Test it to see if if it makes clear soap. Sometime the paste stays cloudy even when it's fully cooked.


----------



## vuladams (Apr 10, 2014)

Not yet. I'll check again in an hour. Thanks!


----------



## vuladams (Apr 10, 2014)

Okay, so it's been cooking for a total of 8.5 hours now and looks like this:


This is only my second batch of LS, as I've been making CP soap for about 6 years and wanted to learn this.
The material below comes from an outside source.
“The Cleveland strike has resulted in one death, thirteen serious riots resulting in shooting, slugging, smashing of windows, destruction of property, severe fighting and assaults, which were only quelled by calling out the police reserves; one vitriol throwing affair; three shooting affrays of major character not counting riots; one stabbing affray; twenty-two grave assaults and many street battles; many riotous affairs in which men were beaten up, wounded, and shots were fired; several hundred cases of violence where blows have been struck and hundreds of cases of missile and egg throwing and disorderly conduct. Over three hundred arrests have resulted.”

I'm still learning what it "should" look like, so any and all help is greatly appreciated!!! Thank you so much!


----------



## vuladams (Apr 10, 2014)

Oh, the white foam are the bubbles from me stirring it.


----------



## vuladams (Apr 10, 2014)

Mellifera said:


> Test it to see if if it makes clear soap. Sometime the paste stays cloudy even when it's fully cooked.
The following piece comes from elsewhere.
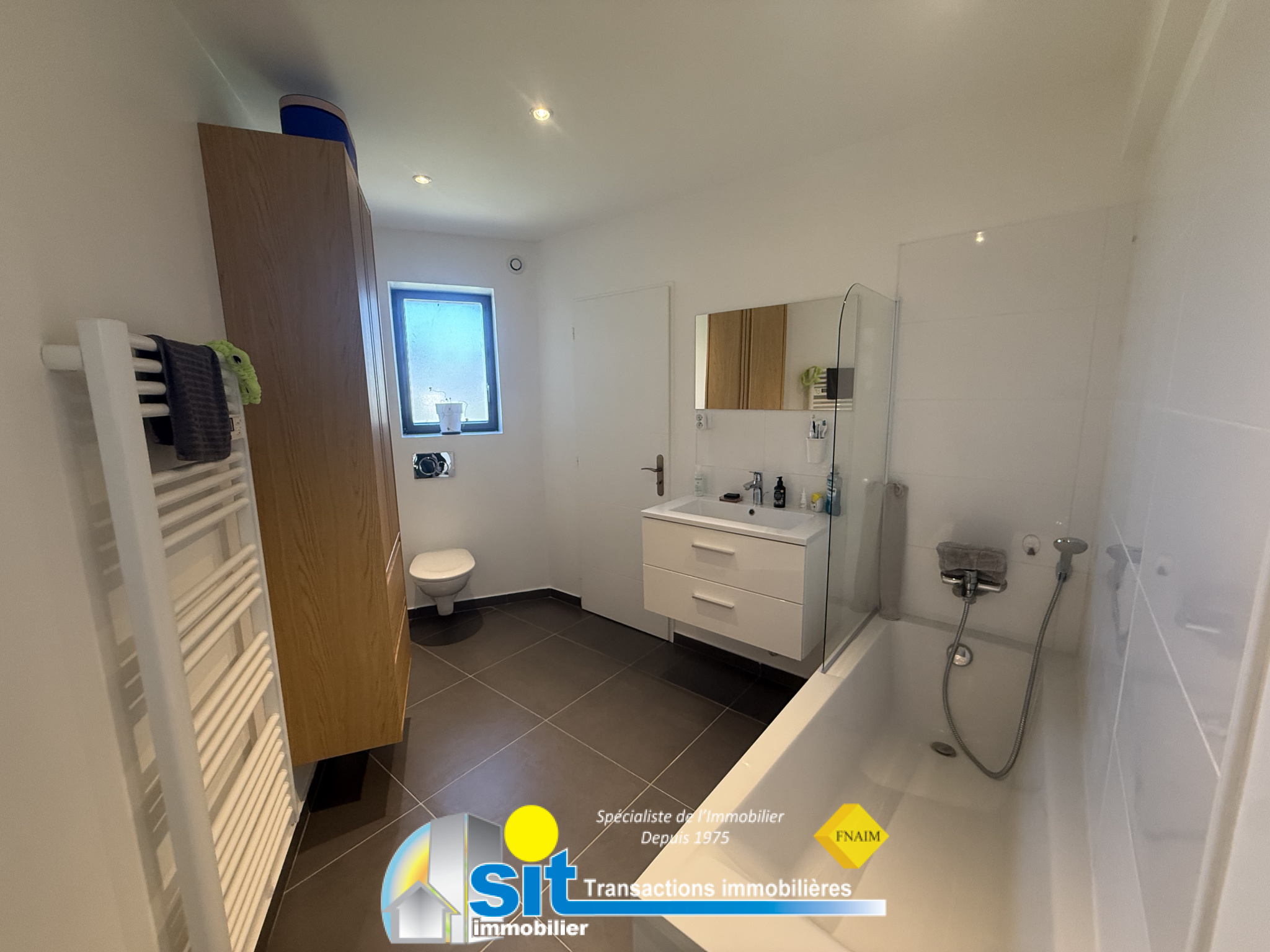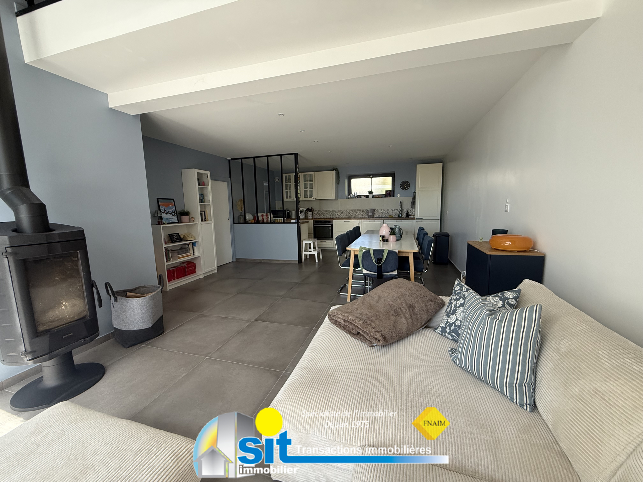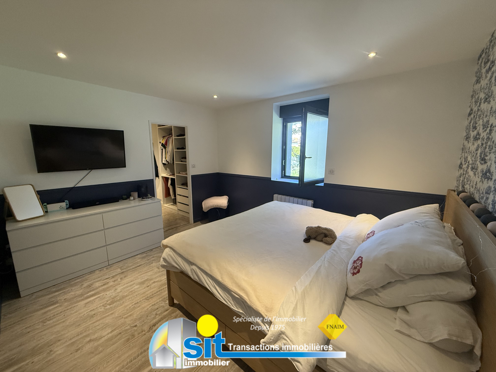 La pièce principale fait 47m2 et comprend une cuisine américaine équipée ouverte sur le séjour, ainsi qu'un cellier/buanderie.Il y a un total de 3 chambres, dont une avec dressing et salle de bains attenante, plus un bureau.La maison dispose également d'une autre salle de bains et 3 toilettes.

This doesn't look "clear" to me... The white is bubbles... But the yellow part is still really opaque... What do you think?


----------



## Susie (Apr 11, 2014)

I would zap test it or use phenolphthalien(sp?) to check for lye excess.  If it is still a bit zappy or still pink, I would probably just turn off the crock pot or stove and let it sit overnight wrapped in a towel or blanket.  Then recheck it in the morning.  Not every LS batch goes through the stages perfectly.  (I honestly would have stopped after 4 hours.)  All the cloudiness is telling you is that there are unsaponified oils present.(the opposite of lye heavy)  BTW, you can use rubbing alcohol spray to knock the bubbles down when testing, then just pour it all back into the soap when you start diluting.


----------



## FGOriold (Apr 11, 2014)

What oils did  you use?


----------



## vuladams (Apr 11, 2014)

Susie said:


> I would zap test it or use pheolphthalien(sp?) to check for lye excess.  If it is still a bit zappy or still pink, I would probably just turn off the crock pot or stove and let it sit overnight wrapped in a towel or blanket.  Then recheck it in the morning.  Not every LS batch goes through the stages perfectly.  (I honestly would have stopped after 4 hours.)  All the cloudiness is telling you is that there are unsaponified oils present.(the opposite of lye heavy)  BTW, you can use rubbing alcohol spray to knock the bubbles down when testing, then just pour it all back into the soap when you start diluting.




Thanks. I ended up turning the crock pot off and left it overnight and then resumed today. It's coconut and olive oil. It's not a lye excess recipe, I found because I liked that it didn't use Borax (my skin reacts to it). It's actually a 3% lye discount. so it'll never get clear right? Here's a pic from today.


----------



## vuladams (Apr 11, 2014)

I think next time I'll try a 0% lye discount batch. I'm crazy accurate when measuring so I'm hoping it'll be a better fit for me. I have weird skin issues and prefer to not go through the lye excess and neutralization process if there's a way around it.

This is for my personal use so I'm looking for quality of soap over appearance.


----------



## Susie (Apr 11, 2014)

Did you check the pH in any method?  Zap test, pheno, pH meter?  Even though I got a pH meter, I still zap test as my final safe or not test.

You did not mention what the soap is for.  If it is for laundry, I would stick with 0% SF.  If it is for hands, skin, or dishes, I would go with the 3% and not worry about cloudiness.


----------



## vuladams (Apr 13, 2014)

Susie said:


> Did you check the pH in any method?  Zap test, pheno, pH meter?  Even though I got a pH meter, I still zap test as my final safe or not test.
> 
> 
> 
> You did not mention what the soap is for.  If it is for laundry, I would stick with 0% SF.  If it is for hands, skin, or dishes, I would go with the 3% and not worry about cloudiness.




No zap, so that's good. I didn't do any pH testing. 
The soap is for general hand washing. I also included a picture showing the stages it went through. 


Here's a picture of the final soap, after I left it overnight and then finished it the next morning.


----------